> [Stored data]:
--- --- ---

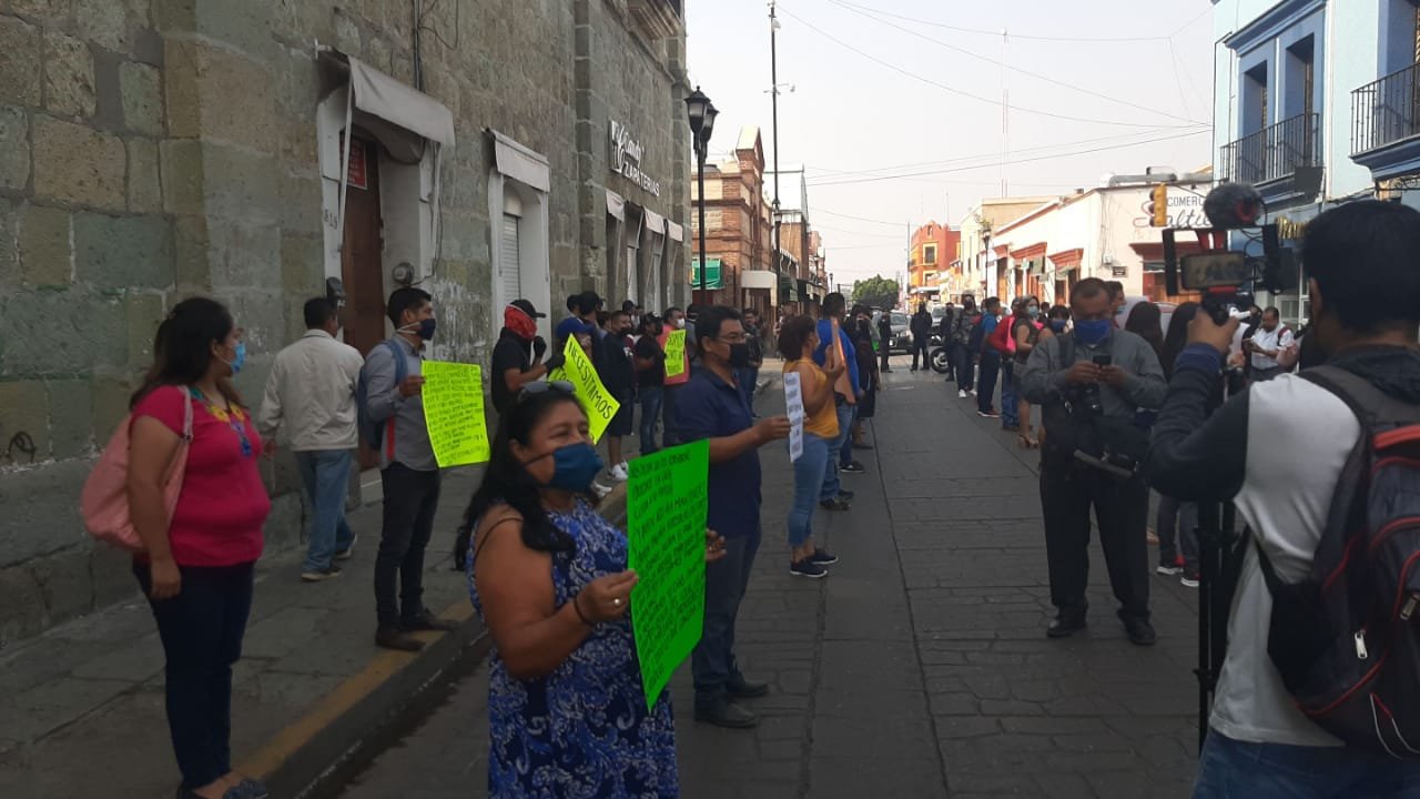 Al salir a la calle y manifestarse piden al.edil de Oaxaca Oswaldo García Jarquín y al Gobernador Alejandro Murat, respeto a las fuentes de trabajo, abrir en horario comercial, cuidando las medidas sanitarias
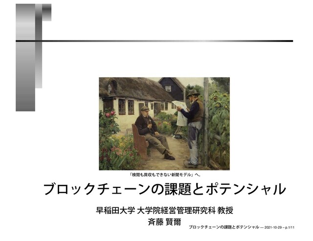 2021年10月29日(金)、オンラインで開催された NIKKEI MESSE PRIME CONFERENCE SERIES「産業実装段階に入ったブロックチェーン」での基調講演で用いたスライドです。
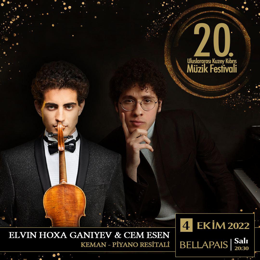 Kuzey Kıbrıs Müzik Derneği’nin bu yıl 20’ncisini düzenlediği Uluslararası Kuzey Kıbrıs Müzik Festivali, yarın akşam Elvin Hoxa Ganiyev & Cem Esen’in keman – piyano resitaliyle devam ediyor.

--- --- ---

> [Task objective]:
Write out the data again word for word, minus any images.

> [The answer]:
 Al salir a la calle y manifestarse piden al.edil de Oaxaca Oswaldo García Jarquín y al Gobernador Alejandro Murat, respeto a las fuentes de trabajo, abrir en horario comercial, cuidando las medidas sanitarias
 2021年10月29日(金)、オンラインで開催された NIKKEI MESSE PRIME CONFERENCE SERIES「産業実装段階に入ったブロックチェーン」での基調講演で用いたスライドです。
 Kuzey Kıbrıs Müzik Derneği’nin bu yıl 20’ncisini düzenlediği Uluslararası Kuzey Kıbrıs Müzik Festivali, yarın akşam Elvin Hoxa Ganiyev & Cem Esen’in keman – piyano resitaliyle devam ediyor.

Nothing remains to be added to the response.